The interface between AI and dynamic pathway engineering is a relatively new and evolving field, with much of the recent work is still at a proof-of-concept stage. Future efforts will likely place an increasing focus on more user-friendly software tools that can bring this technology into the hands of wetlab practitioners, much like in other areas that enjoy a growing number of bespoke software packages [87–89]. One area of particular interest is the use of active learning for pathway design. Active learning is a machine learning paradigm where the model selects the most informative designs to implement, thereby reducing the number of experiments required to explore the design space effectively. Several software packages such as BioAutomata [90], ART [91], ActiveOpt [92], and METIS [93] have implemented active learning pipelines for the design of static production pathways. In the case of dynamic pathways, however there is a pressing lack of comprehensive computational tools that support end-to-end system design. Given the complexity and number of designable components of dynamic pathways, the application of active learning tools could lead to important efficiency gains in implementation and prototyping. With the growing number of applications of machine learning in pathway engineering, and the continued efforts to develop comprehensive software packages, we can expect significant advancements in this area in the coming years that will support the wider adoption of AI and machine learning for strain design.
Perspectives
Dynamic pathway engineering offers promising routes for building robust production strains, but these require assembly of many biological components into complex circuits. Computational methods can rapidly screen potential designs in silico, thus accelerating the navigation of large and experimentally intractable design spaces.
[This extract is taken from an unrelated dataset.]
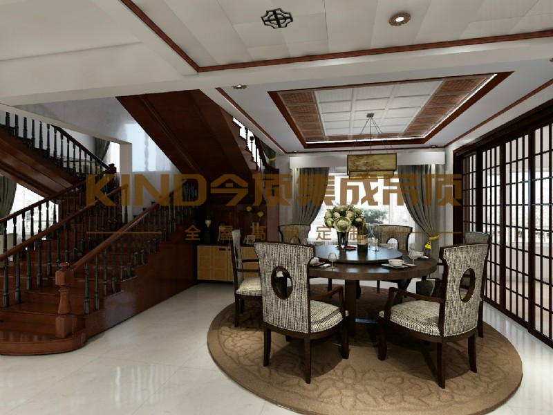 客廳吊頂選用了今頂“1號(hào)客廳”系列中的“書(shū)香門(mén)第”,超大規(guī)格板材大氣雅致,紅棕色澤與深棕色洞窗屏風(fēng)、棕色大門(mén)形成漸變的視覺(jué)效果,又有淺色地磚為底,搭配素雅的軟裝家具,舒適大方,質(zhì)感別具。

There is a growing interest in artificial intelligence methods for the design of dynamic pathways, particularly for pathway retrosynthesis, design of metabolite-responsive biosensors, and the optimization of circuit architectures. Machine learning models can improve over classic algorithms and help solve previously intractable design problems.
Progress in laboratory automation and high-throughput screening will pave the way for more data-centric approaches to biological design, and enable the wider adoption of AI and machine learning in the field.
Competing Interests
The authors declare that there are no competing interests associated with the manuscript.
Funding
C.M. and D.A.O. were supported by the United Kingdom Research and Innovation (grant EP/S02431X/1, UKRI Centre for Doctoral Training in Biomedical AI).
Open Access
Open access for this article was enabled by the participation of University of Edinburgh in an all-inclusive Read & Publish agreement with Portland Press and the Biochemical Society under a transformative agreement with JISC.
Author Contributions
C.M. researched the literature; C.M. and D.A.O. wrote the manuscript.